I am feeling selfish tonight, and if I can be honest a little angry.  I miss having a partner.  My mom is a wonderful person.  She really is.  She is my best friend, and without a doubt the person I go to whenever I have news to share.  Good news, bad, exciting, or sad.  She is the first phone call I make to talk about my day.  Being 14 years apart from my next sibling I do not have close relationships with my  brothers or my sister.  I cannot call them and vent to them about my day.  Mainly because they have their own kids (who are my own generation) and they are the sounding boards for their own children. we just seem to have nothing in common.  Our interests are different.  There is a generation gap between my siblings and I, and although I love them dearly there will always be this bridge between us that is just difficult to cross.  My siblings, many of them, have a spouse that is their sounding board.  That person is their "other."  You know, the one you go to when you've had a bad day, or maybe it's a good day.  Someone to share inside jokes with.  Someone to rant and rave at.  Someone that will just listen when you need to cry.  For me, at least the last several years has been my mother.  I worry about when she is gone.  I hope that loneliness will not overcome me.  For I do not have someone to talk to at night.  I don't have that partner to help me with dinner, homework, baths, or all other duties that a family has.  To be quite frank....I do not want a man around right now.  I can think of a couple reasons why I would like to be married, but none of those reasons are healthy so for now I guess I continue on single.  I miss the help with the family, but I have been so scorned that I don't feel that my trust radar is anywhere near on target yet.  That will take some serious time.  Time that I can't put a limit on.

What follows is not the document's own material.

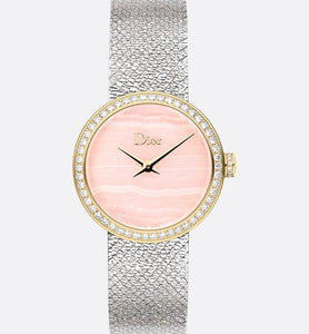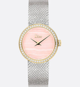 La D de Dior Satine • Ø 25 mm, Steel, Yellow Gold, Aragonite and Diamonds
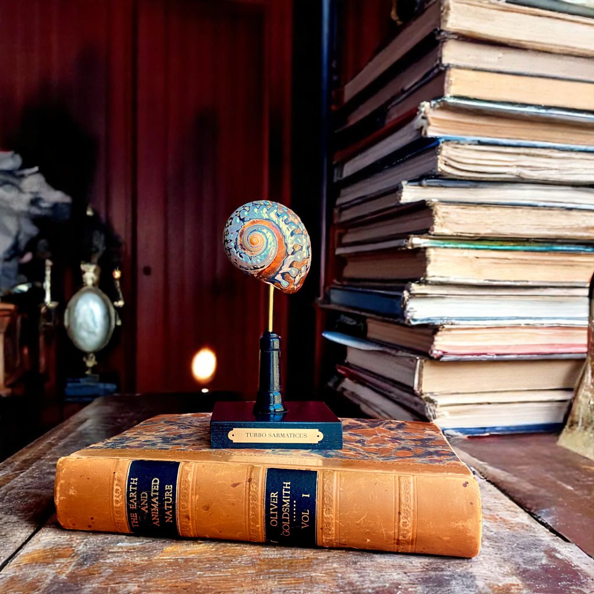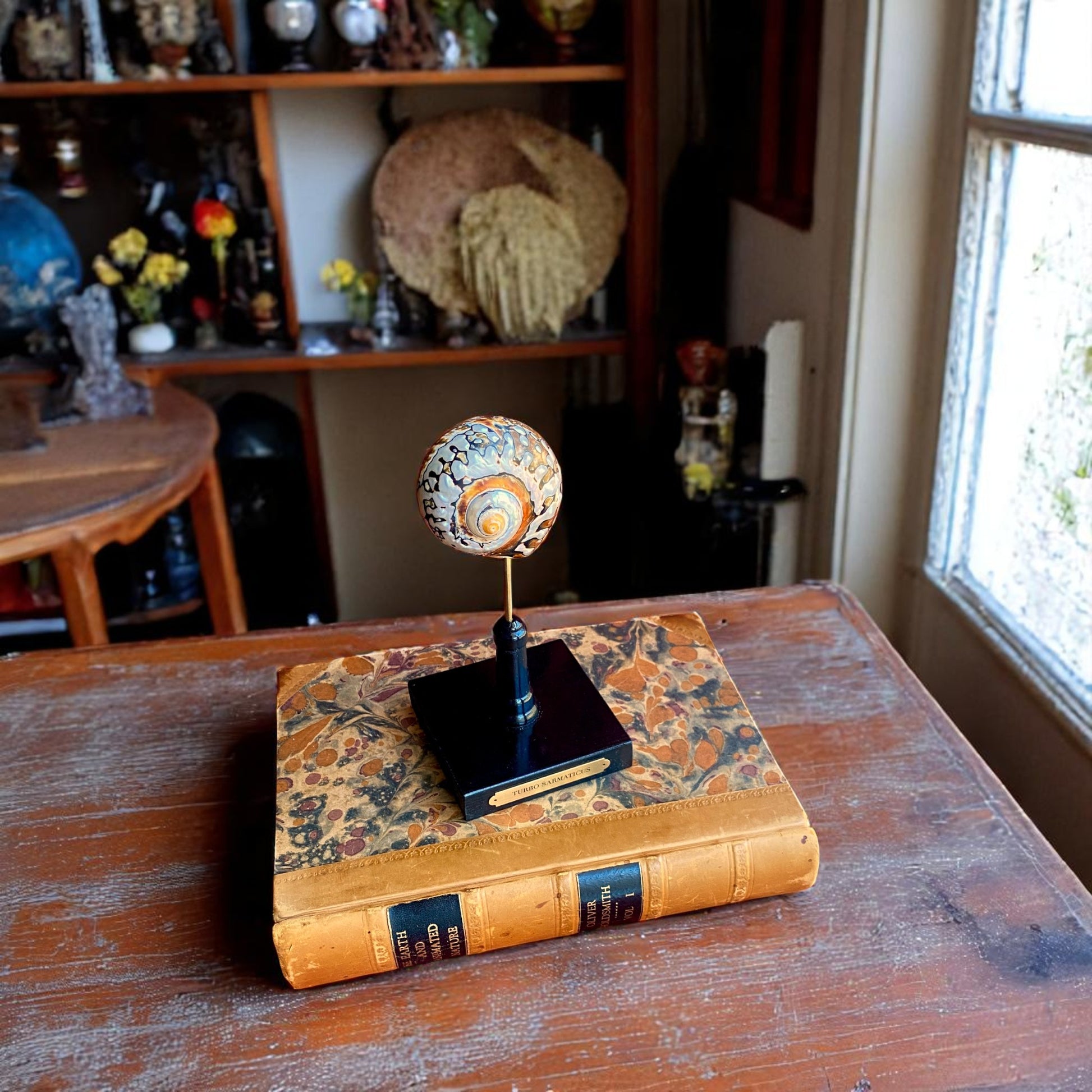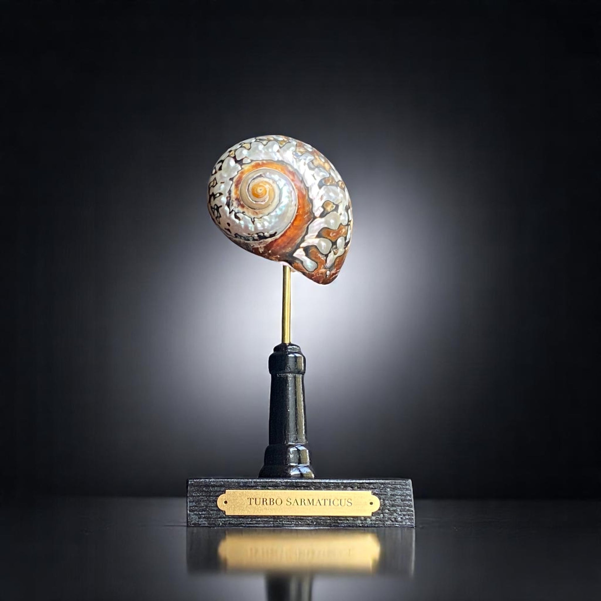 A stunning tropical shell displayed on a handmade glossy black stand with a brass plaque engraved with the Latin name for the species that called this shell its home.

I often worry about how much I take for granted.  Time is number one on my list of things most precious.  Don't ever take time for granted.  Don't put off until tomorrow what can be done today.  I would like to add to that saying.  Don't put off until tomorrow what can be done or said today.  Tell those around you how much you love them.  Make sure they know it.  Make sure that you hug longer and more often.  Don't be ashamed or worried that you might look like a fool by expressing your feelings out loud or to someone you love.  Time is not something to take for granted.  In a moment things can be different.  People you love can be gone and it will be too late to say what you need to say.  Forgive!!!! For goodness sake....are you perfect????  If we were perfect, at least in my opinion, we would not be on this earth anymore.  We would be taken back up to heaven to live with our Savior.  So, when someone wrongs you, hurts you, makes you sad, angry, or upset....no matter how hard it is.... try to work on a way to forgive them and move on.  If you have not walked in someone else's shoes are you truly able to pass judgement on them??  Be a peacemaker, and say "I'm sorry" much more often than you already do.  Don't worry about things that are out of your control.  Control the things that you can change.  Yes, I will be the first to admit that I am a bit selfish in saying that I wish I had a mother who was 52 instead of 82.  I wish my dad were still alive.  I wish my siblings were closer in my age; that we could raise our children together instead of a generation apart.  I wish my nieces and nephews lived closer.  I wish, I wish, I wish.......but my mother knows how much I love her.  I've told her.  I tell her often.  My dad knew before he died that I was grateful to him for life.  I was thankful he showed me how to pay it forward and press on even in hard times.  I am thankful for forgiveness.  Both given to me and forgiveness I have given.  I tell my friend often that I love them.  That I am thankful for them in my life.  I hope that I never put off something I can say today.  I love you mom!